> _Goal of the exercise_:
The task calls for the lines below from the line with "Scoop 1/3 cup" to the line with "Unikal dizaynlı kənd", both ends included, copied exactly, without any pictures.

Material supplied START

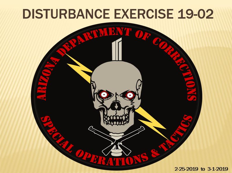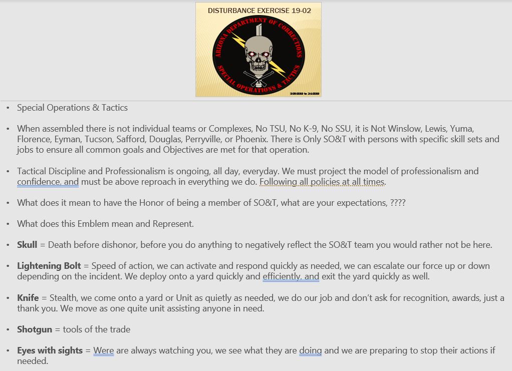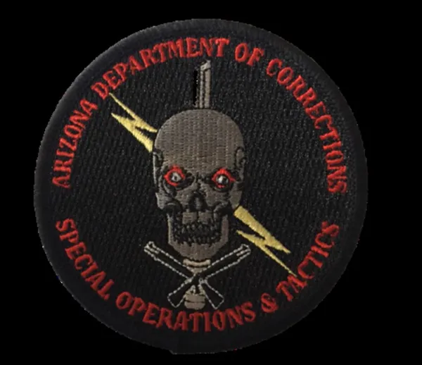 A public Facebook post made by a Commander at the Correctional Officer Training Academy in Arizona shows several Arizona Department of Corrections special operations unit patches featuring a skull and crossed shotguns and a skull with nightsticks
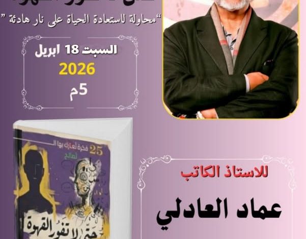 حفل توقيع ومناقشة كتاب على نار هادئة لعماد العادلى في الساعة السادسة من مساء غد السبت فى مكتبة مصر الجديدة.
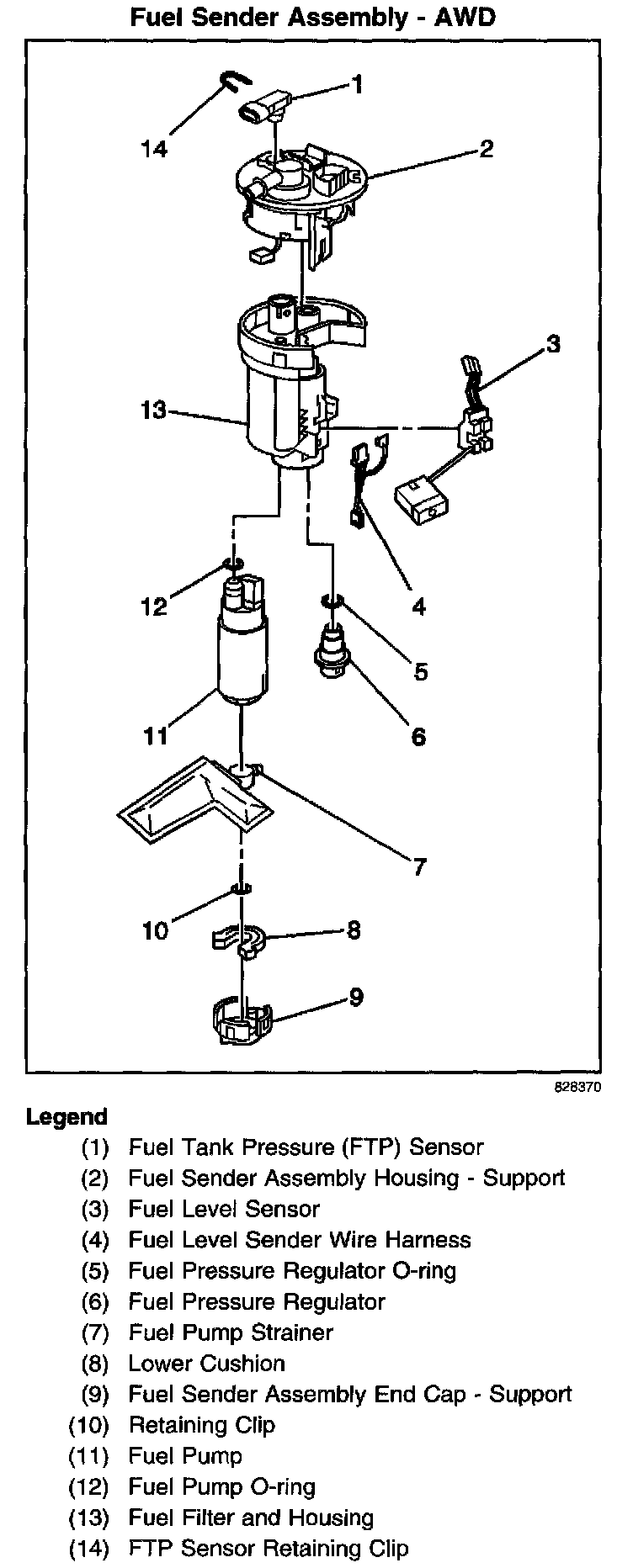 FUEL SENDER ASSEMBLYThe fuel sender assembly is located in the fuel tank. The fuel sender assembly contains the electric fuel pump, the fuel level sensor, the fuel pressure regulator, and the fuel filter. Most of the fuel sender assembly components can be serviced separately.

Material supplied END
Material supplied START

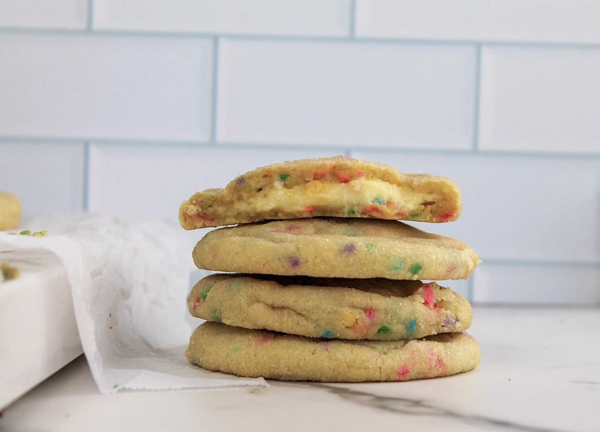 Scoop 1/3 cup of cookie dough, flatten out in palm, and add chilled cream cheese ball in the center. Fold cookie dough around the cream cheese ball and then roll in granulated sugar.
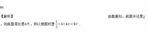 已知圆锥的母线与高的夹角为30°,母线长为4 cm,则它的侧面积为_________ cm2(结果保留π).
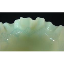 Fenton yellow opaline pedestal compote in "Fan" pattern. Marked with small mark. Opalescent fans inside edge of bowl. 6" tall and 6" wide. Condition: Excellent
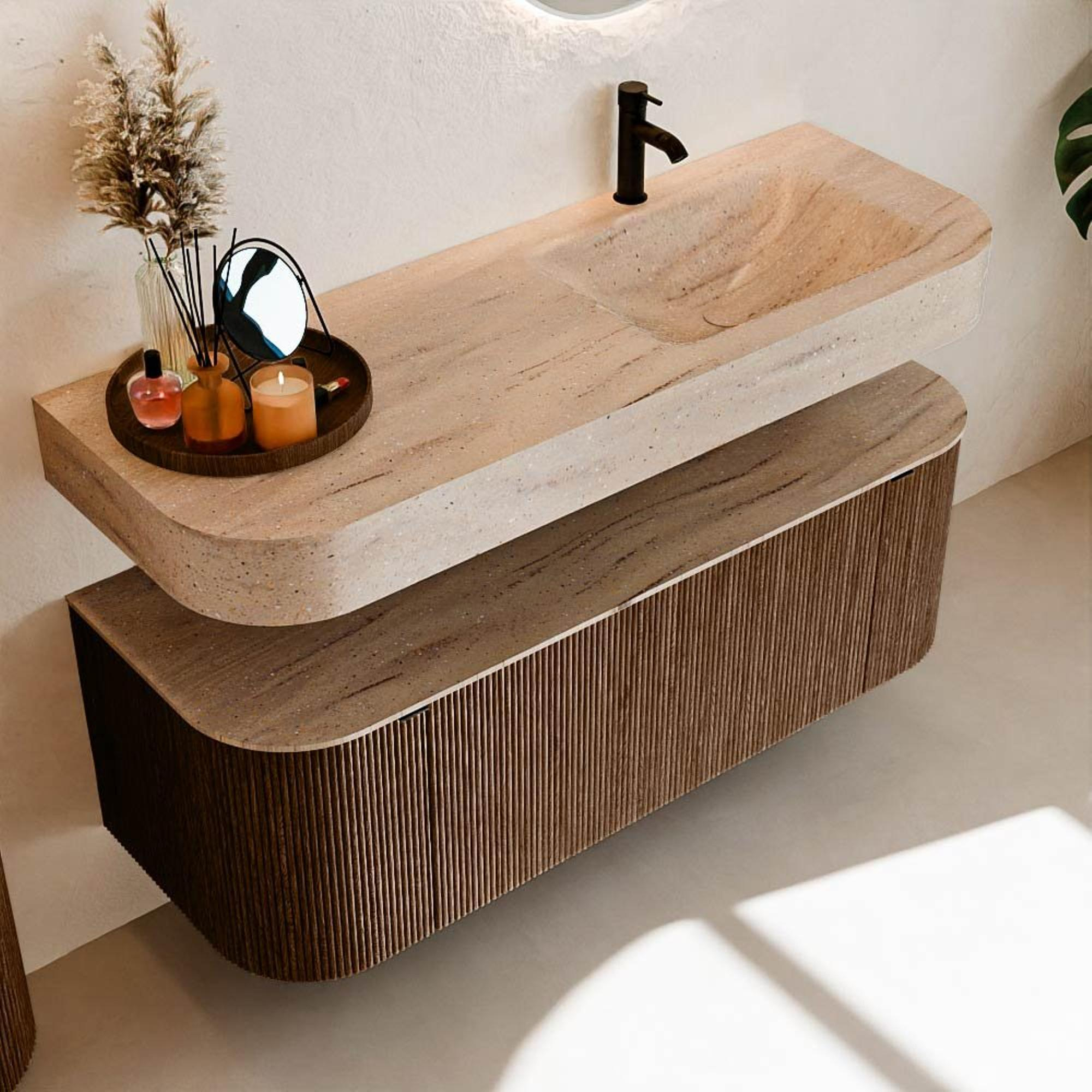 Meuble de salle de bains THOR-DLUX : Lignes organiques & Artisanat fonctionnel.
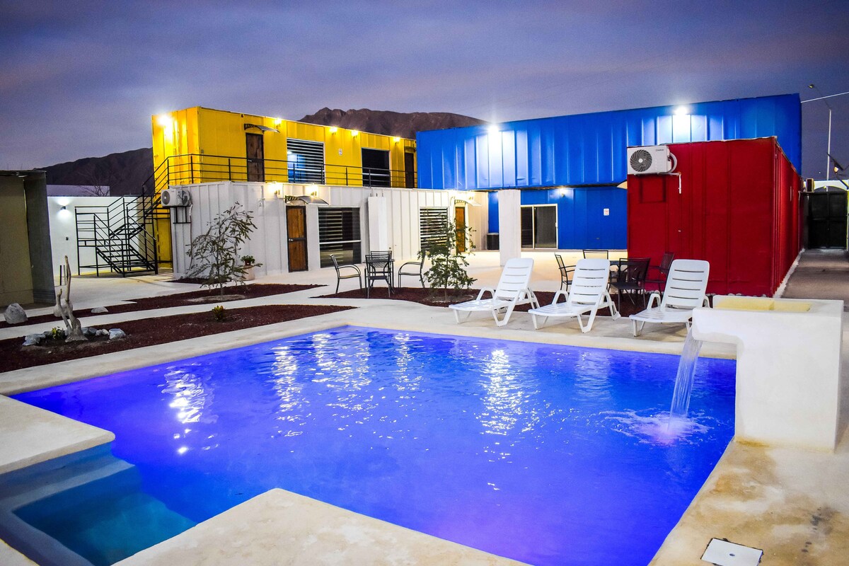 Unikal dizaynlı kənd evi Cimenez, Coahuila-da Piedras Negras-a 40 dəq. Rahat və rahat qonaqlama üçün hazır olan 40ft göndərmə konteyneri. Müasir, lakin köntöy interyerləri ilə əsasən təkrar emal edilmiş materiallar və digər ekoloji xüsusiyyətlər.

Material supplied END
Material supplied START

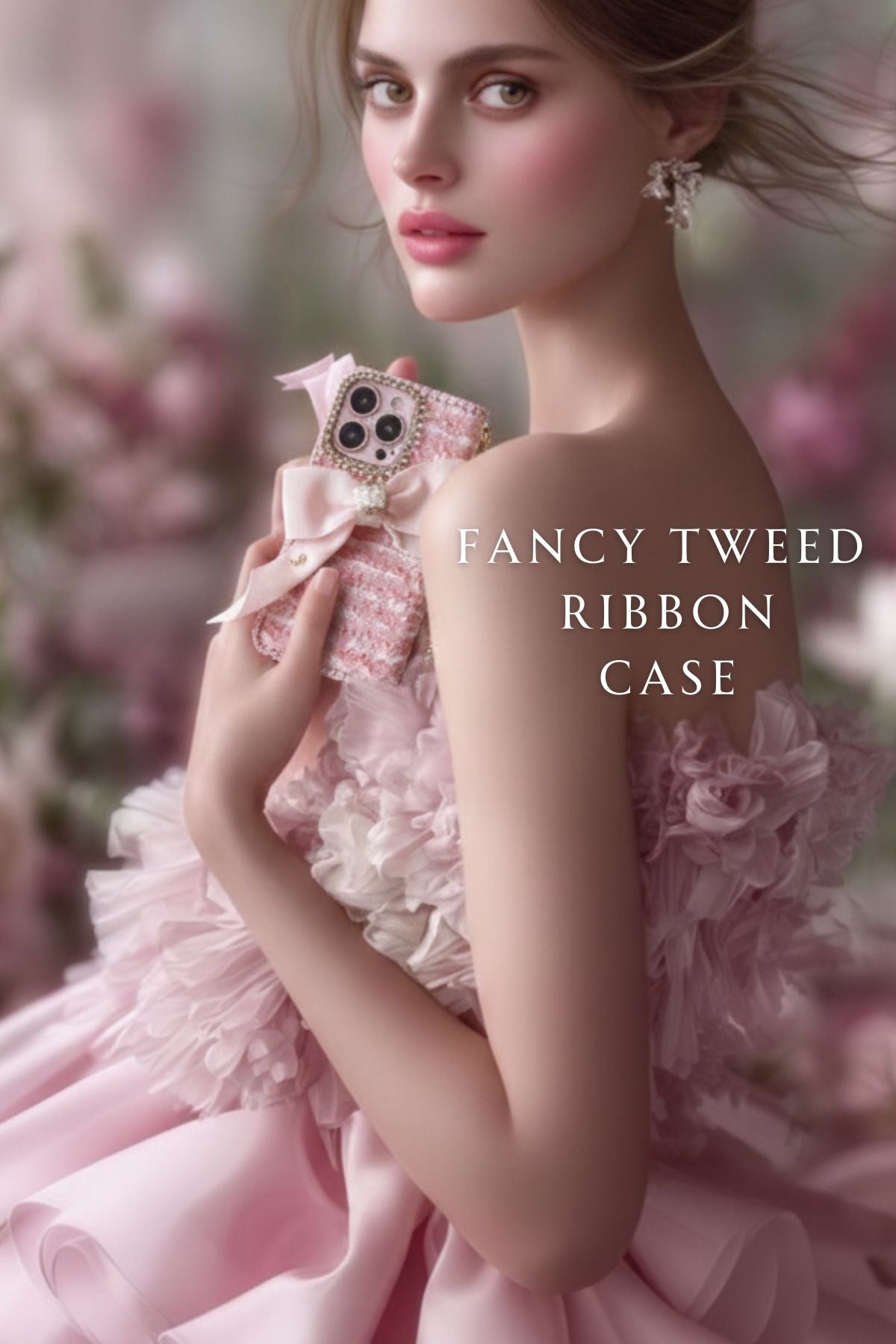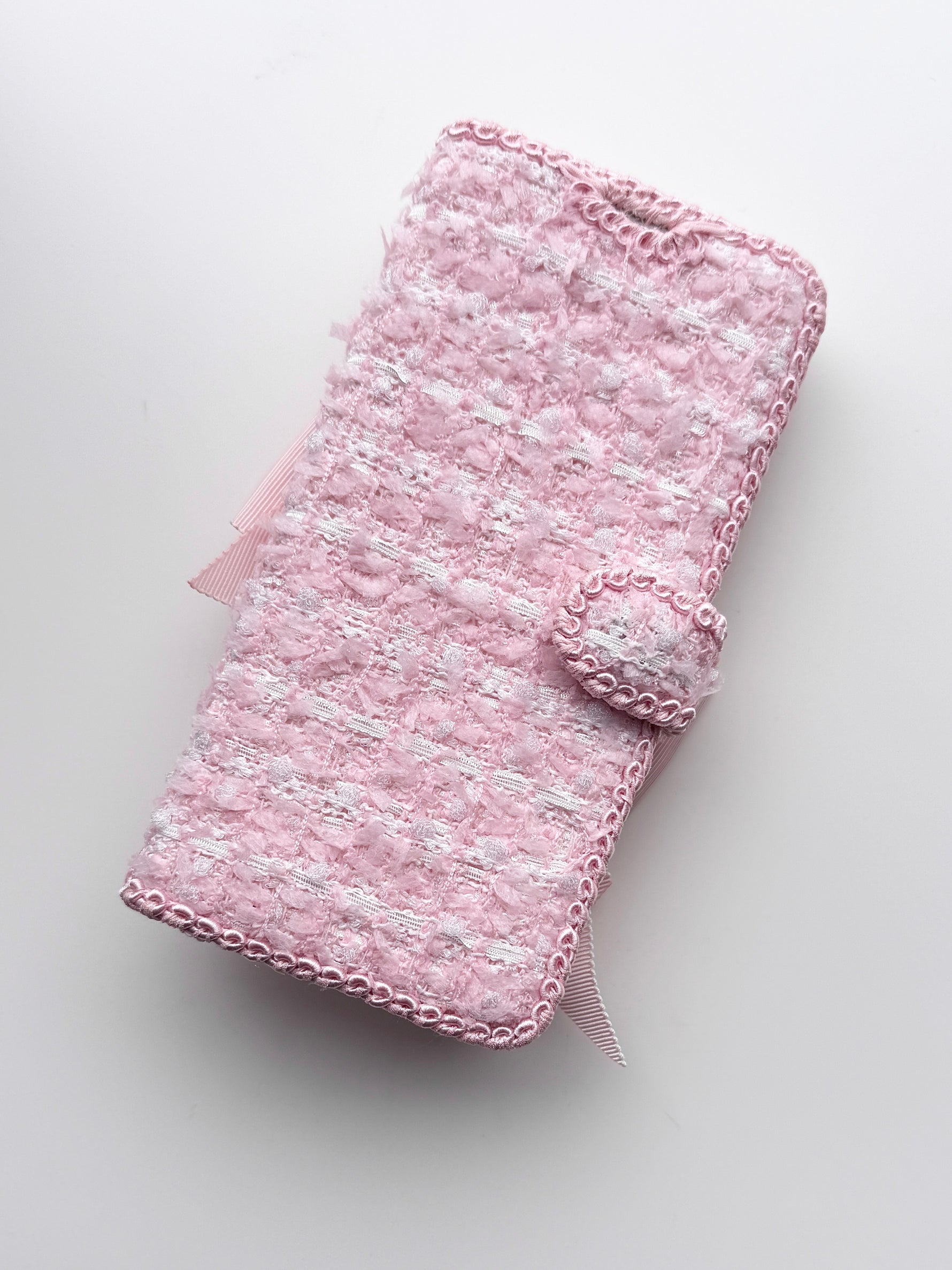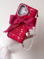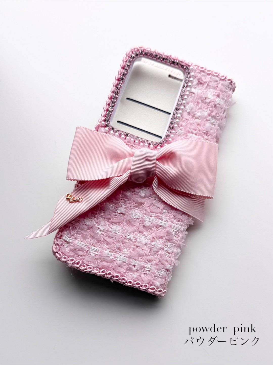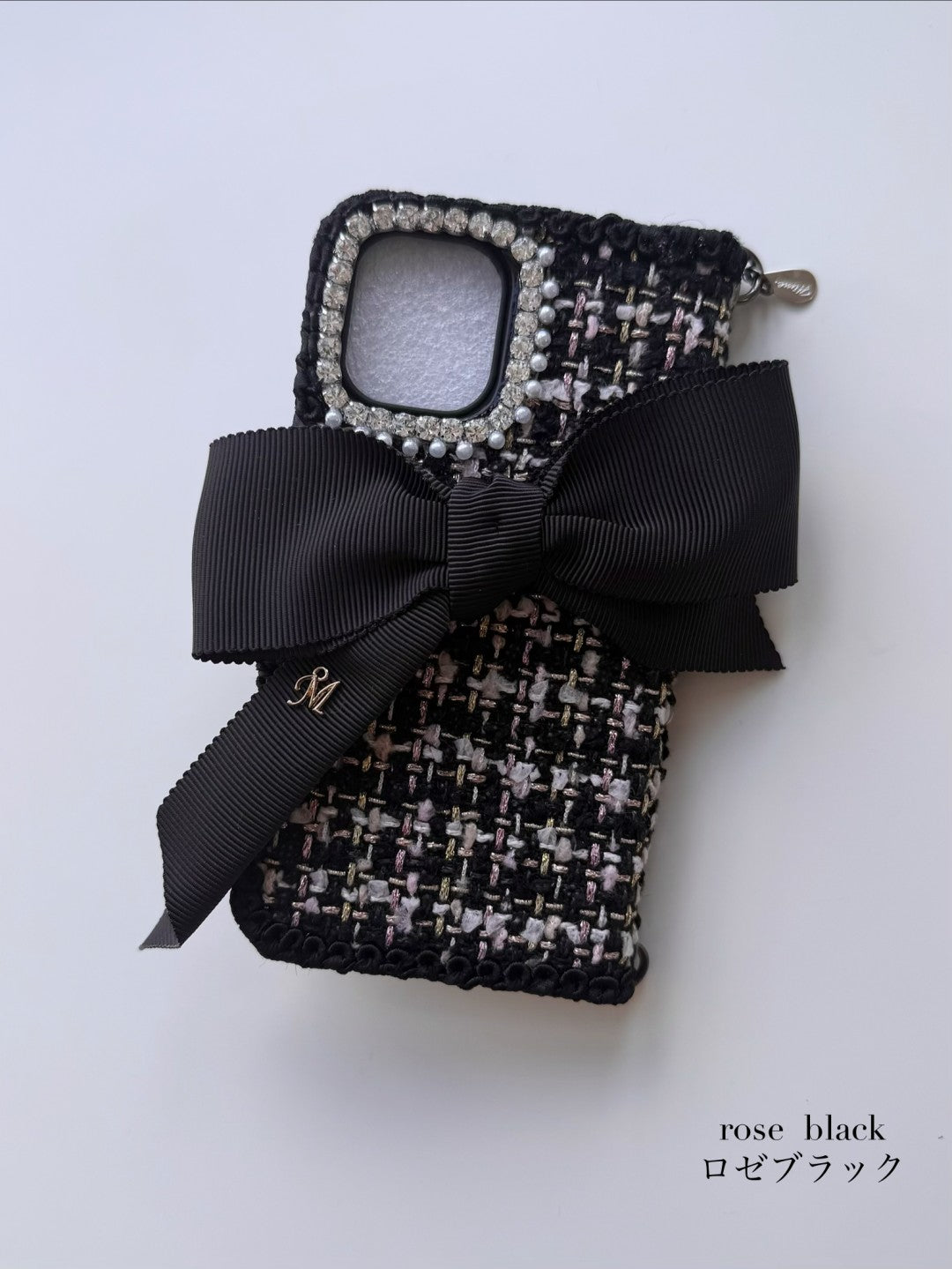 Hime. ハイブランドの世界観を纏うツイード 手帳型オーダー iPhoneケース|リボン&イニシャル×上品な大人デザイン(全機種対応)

Material supplied END

> _Response area_:
 Scoop 1/3 cup of cookie dough, flatten out in palm, and add chilled cream cheese ball in the center. Fold cookie dough around the cream cheese ball and then roll in granulated sugar.
 已知圆锥的母线与高的夹角为30°,母线长为4 cm,则它的侧面积为_________ cm2(结果保留π).
 Fenton yellow opaline pedestal compote in "Fan" pattern. Marked with small mark. Opalescent fans inside edge of bowl. 6" tall and 6" wide. Condition: Excellent
 Meuble de salle de bains THOR-DLUX : Lignes organiques & Artisanat fonctionnel.
 Unikal dizaynlı kənd evi Cimenez, Coahuila-da Piedras Negras-a 40 dəq. Rahat və rahat qonaqlama üçün hazır olan 40ft göndərmə konteyneri. Müasir, lakin köntöy interyerləri ilə əsasən təkrar emal edilmiş materiallar və digər ekoloji xüsusiyyətlər.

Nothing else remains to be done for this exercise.